First-class environments

The maclina/vm-cross subsystem allows Maclina to be used for compiling and running Lisp code in arbitrary first-class environments, in concert with Clostrum. Here is an example:

;;; maclina-cross does not itself load a global environment implementation,
;;; since it can be used with any. Here we use clostrum-basic for that.
;;; We also need clostrum-trucler to be able to compile relative to
;;; a Clostrum environment.
(ql:quickload '(:clostrum-basic :clostrum-trucler))

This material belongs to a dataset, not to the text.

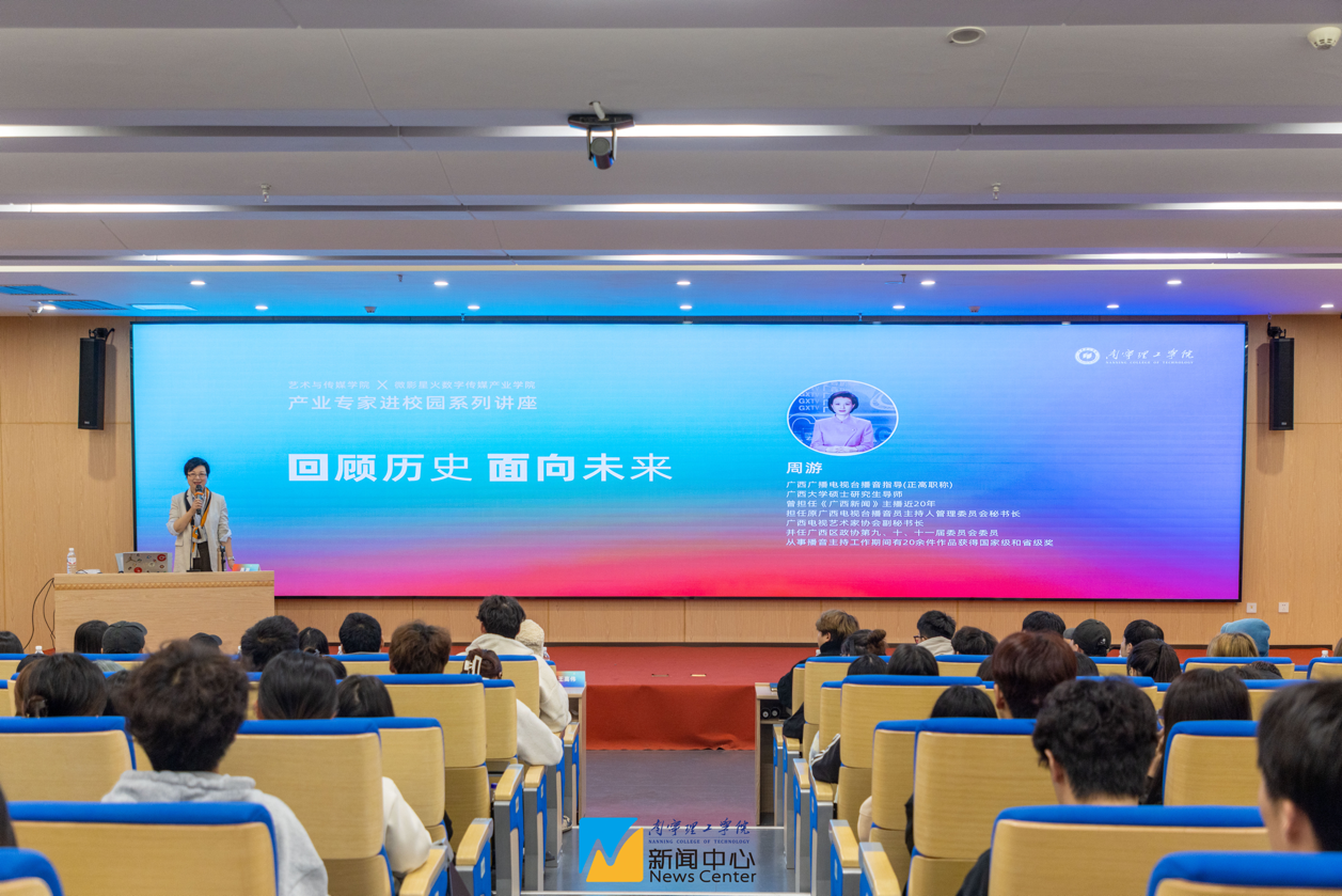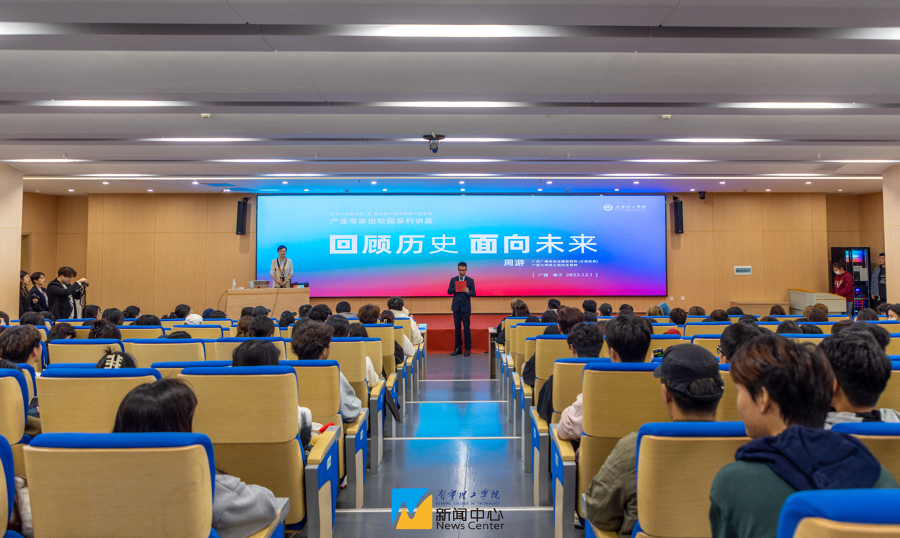 2023年12月1日上午,由南宁理工学院艺术与传媒学院联合微影星火数字媒体产业学院主办的“产业专家进校园”活动圆满结束。本次活动邀请到了广西广播电视台播音指导(正高职称),广西大学硕士研究生导师,曾担任《广西新闻》主播近20年,担任原广西电视台播音员主持人管理委员会秘书长,广西电视艺术家协会副秘书长,并任广西区政协第九、十、十一届委员会委员的周游为我院师生开展《回顾历史 面向未来》主题讲座。

;;; Set up the client to use maclina-cross, and initialize the VM.
(setf maclina.machine:*client* (make-instance 'maclina.vm-cross:client))
(maclina.vm-cross:initialize-vm 20000)

;;; Construct our environments.
(defvar *rte* (make-instance 'clostrum-basic:run-time-environment))
(defvar *env* (make-instance 'clostrum-basic:compilation-environment
                 :parent *rte*))

;;; These new environments are totally devoid of bindings.
;;; To do anything useful, we have to define at least a few.
;;; We'll define + and *readtable* weirdly to emphasize that we are
;;; not operating in the host environment.
(setf (clostrum:fdefinition maclina.machine:*client* *rte* '+) #'-)
(clostrum:make-variable maclina.machine:*client* *rte* '*readtable* 17)

;;; Now behold:
(maclina.compile:eval '(+ *readtable* 3) *env*) ; => 14
;;; And of course, the host *READTABLE* and + are unaffected.

Sandboxing

A more complete CL experience requires a richer environment. The Extrinsicl project can be used to construct such an environment, but more generally you can just fill a Clostrum environment. Extrinsicl can additionally be configured to provide functions like eval through Maclina.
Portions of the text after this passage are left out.